• _Task to complete_
The copy you print must match the listing exactly, with its pictures removed.

• _Dataset extract_

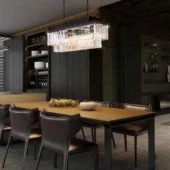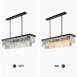 - Hand-painted elegant black surface and hand-picked first class transparent prisms make this pendant light suitable to any place at your house such as dinning room and living room, bring optical enjoyment to your and make a deep impression on your guests
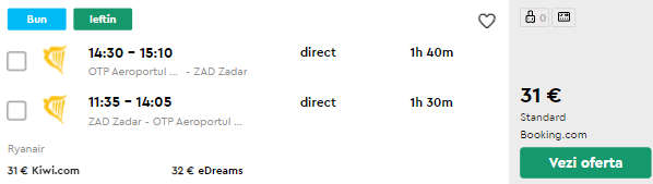 - Zbor Bucuresti – Zadar, 31 euro, dus-intors, operat de Ryanair
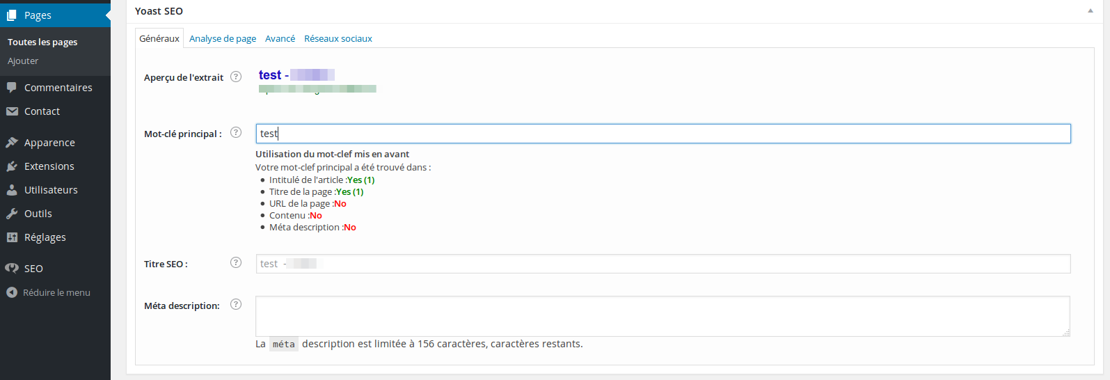 2- Après avoir rempli votre contenu et après l’avoir mis à jour (bouton « Mettre à jour »), allez sur l’onglet « Analyse de la page » afin d’obtenir les conseils adéquats

• _Answer space_
 - Hand-painted elegant black surface and hand-picked first class transparent prisms make this pendant light suitable to any place at your house such as dinning room and living room, bring optical enjoyment to your and make a deep impression on your guests
 - Zbor Bucuresti – Zadar, 31 euro, dus-intors, operat de Ryanair
 2- Après avoir rempli votre contenu et après l’avoir mis à jour (bouton « Mettre à jour »), allez sur l’onglet « Analyse de la page » afin d’obtenir les conseils adéquats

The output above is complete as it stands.